The first thing that is required to get the fullest functionality is to get a VirusTotal API. You can get your public API by heading over to VirusTotal and signing up for an account, if you do not already have one. 

Once you have your account, login to VirusTotal and choose the option under your username of "My API key"

"My API key" option on VirusTotal

When you choose that option, you will be presented with a page like this, which contains your API key. 

Page with your API key, settings, and rate limits

Note that the public API has rate limit queries, which are built into the script automatically (rather than running four in a minute and then waiting for 60 seconds; I chose to do one query every 15 seconds. You can of course modify the script to change the sleep time and query rate if you would like).

Highlight your API key and input it into the script. (It is the exact same code as Noriben, so if you are familiar with that, you should be familiar with this.)

Copy the API key to here (or here) in the script (buatapa and/or noriben)

It is very important to also install the "requests" Python library to your Python distribution if you have not already. I once again defer to Brian Baskin's Python experience (which admittedly dwarfs my own) as he stated:

"Without Requests it cannot do VirusTotal queries. That's the only internet-based functionality. So you have to install requests ("pip install requests")...Requests is the HTTP library that I use. The built-in Python libs are horrible."

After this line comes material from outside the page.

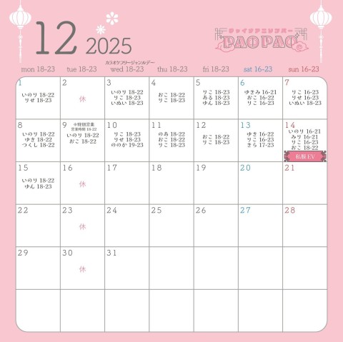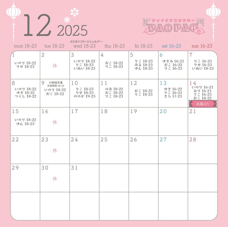 🐼12月の予定🐼 🎤毎週水曜日カラオケフリージャンルデー 【イベント】 14日私服EV 24~28日クリスマスEV🎄 31日年越し🎍 ※詳細は画像をご覧ください ⚠️店休日:毎週火曜 ✨キャスト募集中✨🔽詳細 🎀姉妹店🎀 @melfi_maid 予定変更やイベント詳細はスレッドにて🔽 https://t.co/oQek7UvlHY

So, make sure that you type in run the command 'pip install requests' from a command prompt before you run buatapa or noriben, in order to get the internet functionality that is needed to run the scripts!!

Type in 'pip install requests' from a command prompt to install Requests

Running buatapa

You will have to have Python either natively installed on your system or be running something like Active State Python in order to run buatapa. In order to run buatapa, simply open a command prompt and give the path of where the buatapa script resides. The script will automatically create the output text file in the directory the script was run from, so make sure you have read/write permissions to that directory. For example, don't run it from C:\Windows\System32 unless you open the command prompt with Administrative privileges. You must give the script the "-c" argument to open the autoruns.csv file. 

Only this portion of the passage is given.